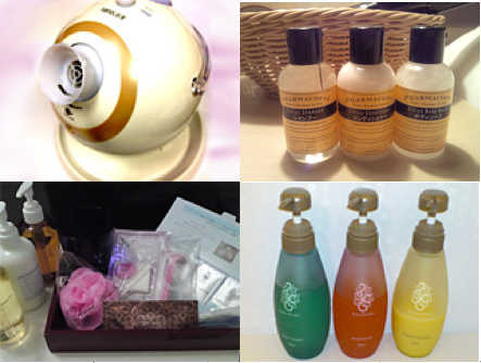 セレブリティ御用達の「ファーマコピア」アメニティ3点セット(各50ml)、資生堂の人気ブランド「エリクシール」スキンケア4点セット(各8g)、ポーラ・フェイスケア&ヘアケア5点キット(各3g)などをプレゼント。ナノイオンドライアー&ヘアアイロン常備、ローズの入浴剤、ハーブティー、その他フェイスシートマスク、THE AMENITYシャンプー・コンディショナー、ヘアゴム、コットンなど充実。宿泊は最上階レディースフロア確約。
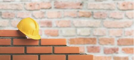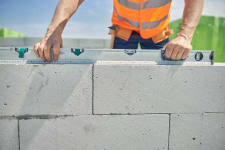 Industrial bricklayer installing bricks on construction site. Detail of hand adjusting bricks.
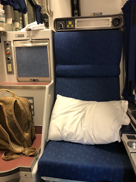 I don’t think the price was any less than airfare, especially with airlines lowering process to attract travelers right now. But it is private. Someone came to the sleeper car duly masked to see what Jeremy wanted for dinner and then to deliver it, but that’s the only person he interacted with. He did have a short layover in Penn Station, but they had masks and social distancing rules in place.
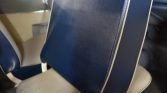 The cabin features seats upholstered in white and blue vinyl along with a blue dashboard and white and gray door panels.
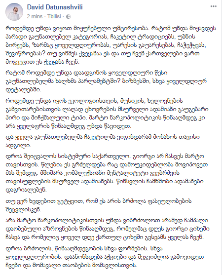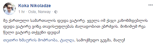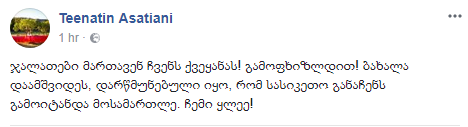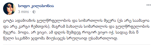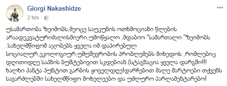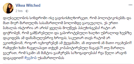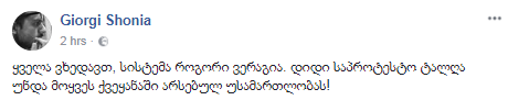 იმედი გვაქვს, რომ ეს პროტესტი გასცდება სოციალური ქსელის ფარგლებს და შეძლებს შეამციროს უსამართლობის ხარისხი ჩვენს ქვეყანაში.
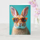 This design shows a close-up portrait of a rabbit 🐇 centered against a smooth teal background, with its head and upper chest filling most of the frame. Its fur mixes warm ginger and soft fawn tones, and the fine hairs look plush where the light catches them. Bright orange glasses sit neatly on its muzzle, adding a friendly, slightly flirty look as if it’s dressed up for a sweet springtime photo. Through the clear lenses, dark curious eyes glance forward with a gentle, inviting focus, like it’s quietly sharing a private moment with the viewer 🌷. A small pink nose and a fan of pale, translucent whiskers stand out sharply, while the edges of the face and shoulders fade into a soft blur. The greeting text is placed near the bottom in a simple white style that stays easy to read against the teal. The orange frames pop strongly against the cool background, and the whiskers arc outward in fine lines from either side of the nose.
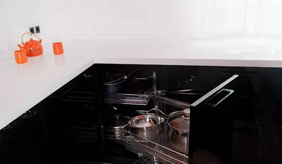 Кухни в черных тонах в стиле хай-тек нередко напоминают секретную лабораторию или космический корабль. В них приветствуют хромированные элементы. Лучше всего выбирать последние новинки в технике с сенсорными элементами управления.
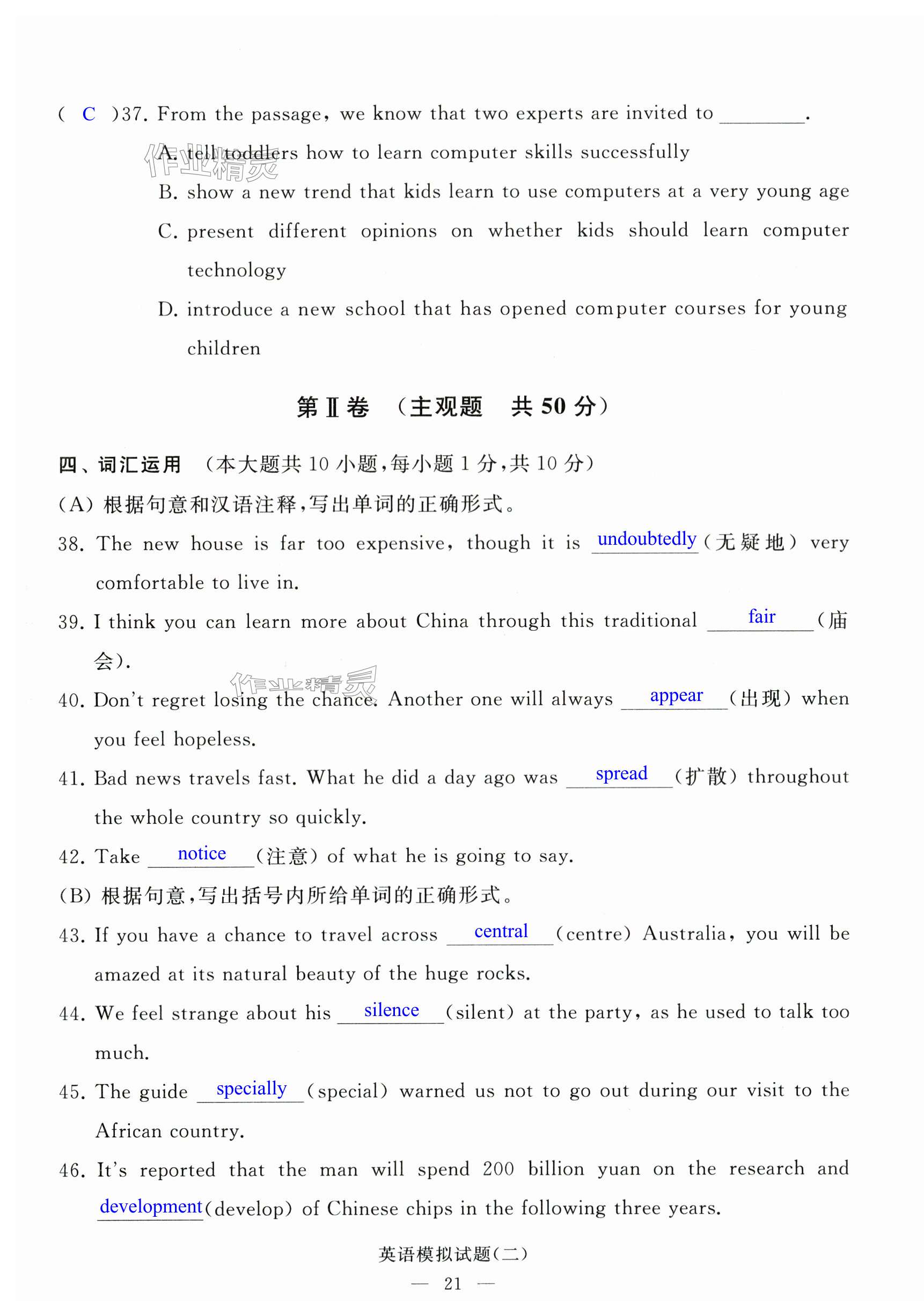 注:目前有些书本章节名称可能整理的还不是很完善,但都是按照顺序排列的,请同学们按照顺序仔细查找。练习册 2025年绿色成长互动空间决胜中考模拟卷英语 答案主要是用来给同学们做完题方便对答案用的,请勿直接抄袭。
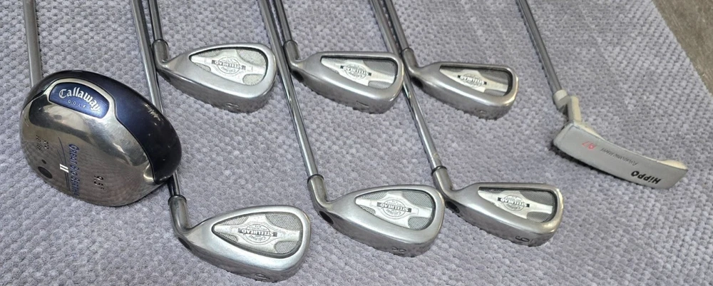 Callaway Men's Golf Set With Callaway Golf Bag Right Handed Set Includes -Callaway Big Bertha II Driver - Regular Flex -Callaway Steelhead Pro Series X-14 Iron Set 5, 6, 7, 8, 9, P - Stiff Flex -Hippo Putter -Callaway Golf Stand Bag With Double Shoulder Straps (SKU03343)
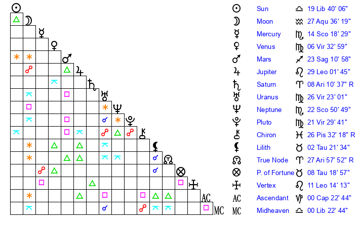| Moon | 27 Aquarius 38 | 19 Cancer 52 | 9 Aries 39 |
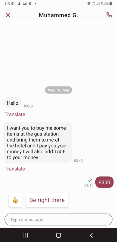 No Ken, he got spooked when I asked him for his mobile. He texted that he would pay with a pre-loaded card.
——
- **Task goal**:
Repeat only the lines between the top of the entries above and the line containing "Industrial bricklayer installing", both ends included, without the pictures.

- **Response for this exercise**:
 セレブリティ御用達の「ファーマコピア」アメニティ3点セット(各50ml)、資生堂の人気ブランド「エリクシール」スキンケア4点セット(各8g)、ポーラ・フェイスケア&ヘアケア5点キット(各3g)などをプレゼント。ナノイオンドライアー&ヘアアイロン常備、ローズの入浴剤、ハーブティー、その他フェイスシートマスク、THE AMENITYシャンプー・コンディショナー、ヘアゴム、コットンなど充実。宿泊は最上階レディースフロア確約。
 Industrial bricklayer installing bricks on construction site. Detail of hand adjusting bricks.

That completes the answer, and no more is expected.